ASSIGNMENT FROM 60 MINUTES

By Bernice the Fly, Special Correspondent (Diptera Division)
Filed from a lampshade above the espresso machine in the FOX News boardroom
Lesley Stahl herself tapped me on the thorax and said, "Bernice, darling, it's time." With that, she handed me a press credential smaller than a conservative's compassion for the poor, and I buzzed off to FOX News—where truth doesn't merely die but must suffer ritual humiliation first.
The newsroom chilled me to my exoskeleton - colder than a Manhattan socialite's marriage. Fluorescent lights cast everyone in that sickly glow reserved for morgues and discount wedding venues. I nestled above the assignment board, though I needn't have bothered with discretion; in a building where people talk to imaginary liberals all day, no one notices one small fly.
The morning meeting began at what they call "patriot o'clock." A senior producer, whose necktie boasted both stars and stripes and what appeared to be ketchup, barked, "What's got heat?"

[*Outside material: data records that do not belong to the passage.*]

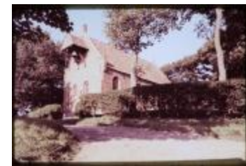
Archeologie (Dia 50_11)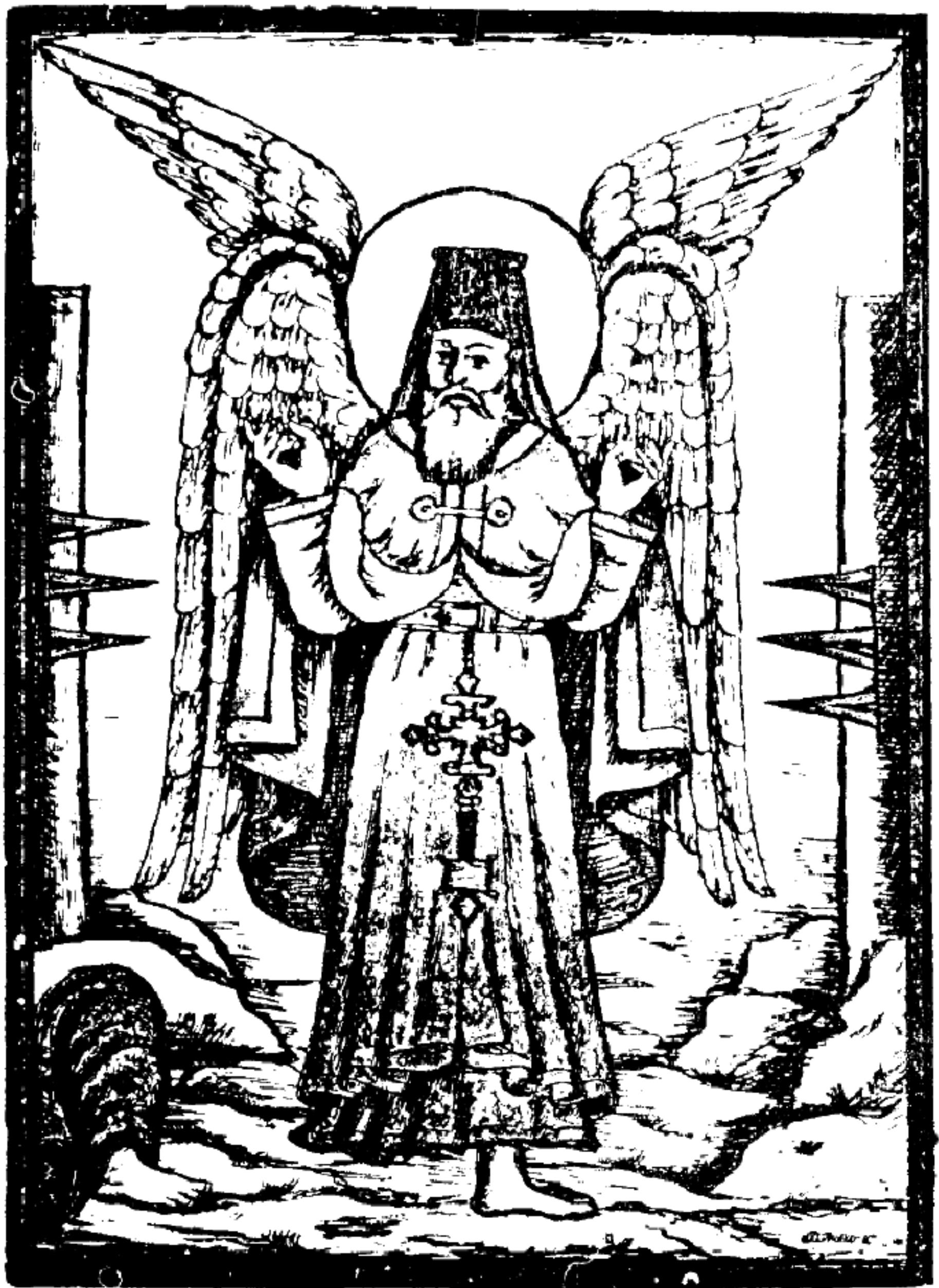
ԱՌՆ՝ ԿԻՆ՝ ՎԵՊԳԴ՝ (ԴՔ՝ ԸՆՊԶԳ՝ ԸՆԶԶ) Բ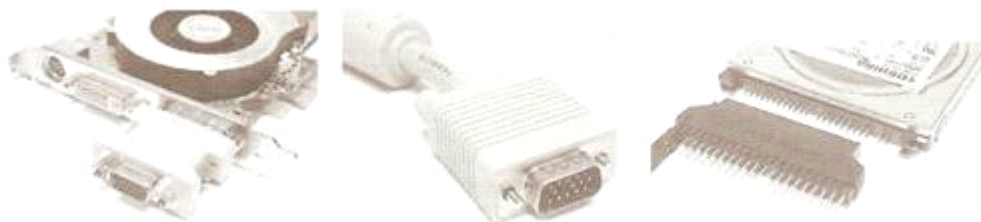
图 2 矩形连接器在计算机设备之间的连接应用

相对于圆形连接器来说矩形连接器空间利用率比较高,在电子设备中有着广泛的应用,图 2 所示为在计算机的主板与板卡之间的连接。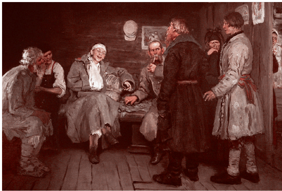
Илья Репин. Вернулся. 1877

После недолгого пребывания в Петербурге и (проезде) Москве, встреч с друзьями и хорошими знакомыми (Крамским, Стасовым, Мусоргским, Третьяковым и др.), осенью 1876 года Репин направил-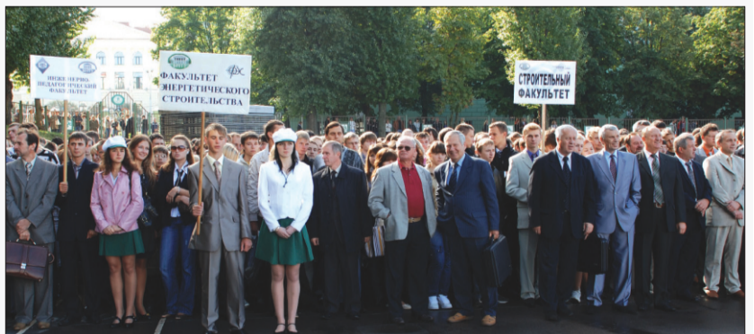
Первокурсники с руководством факультетов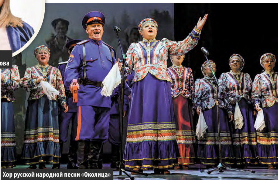
Хор русской народной песни «Околица»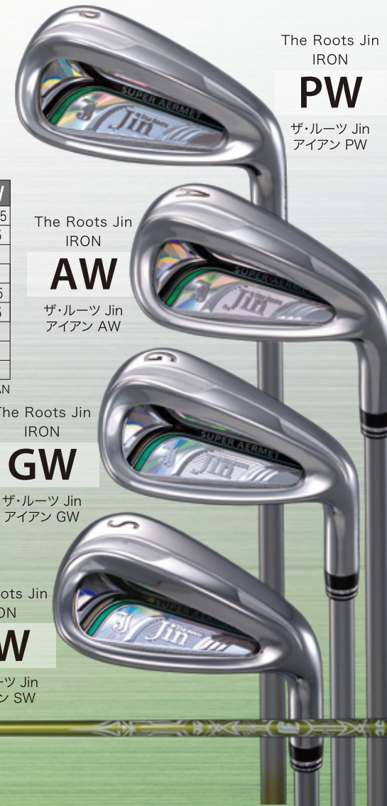
The Roots Jin IRON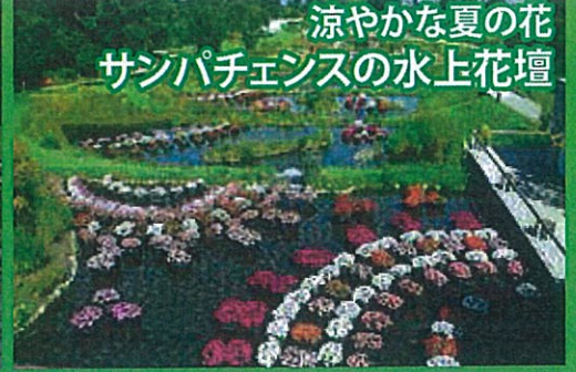
涼やかな夏の花 サンパチェンスの水上花壇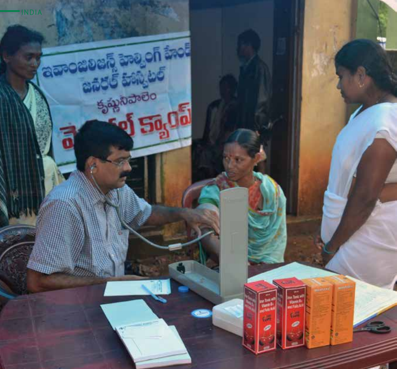
Legen fra EHH måler blodtrykket på en kvinnelig pasient.

A junior staffer whispered, "The climate report?"
The room fell silent. Then someone muttered, "Only if it melts Hunter Biden's laptop."
Laughter erupted – dry and mechanical, like a symphony of cash registers. I realized then I hadn't infiltrated a news organization, but a theatrical production where the actors carried guns and the script came straight from a comment war between fourteen-year-old boys.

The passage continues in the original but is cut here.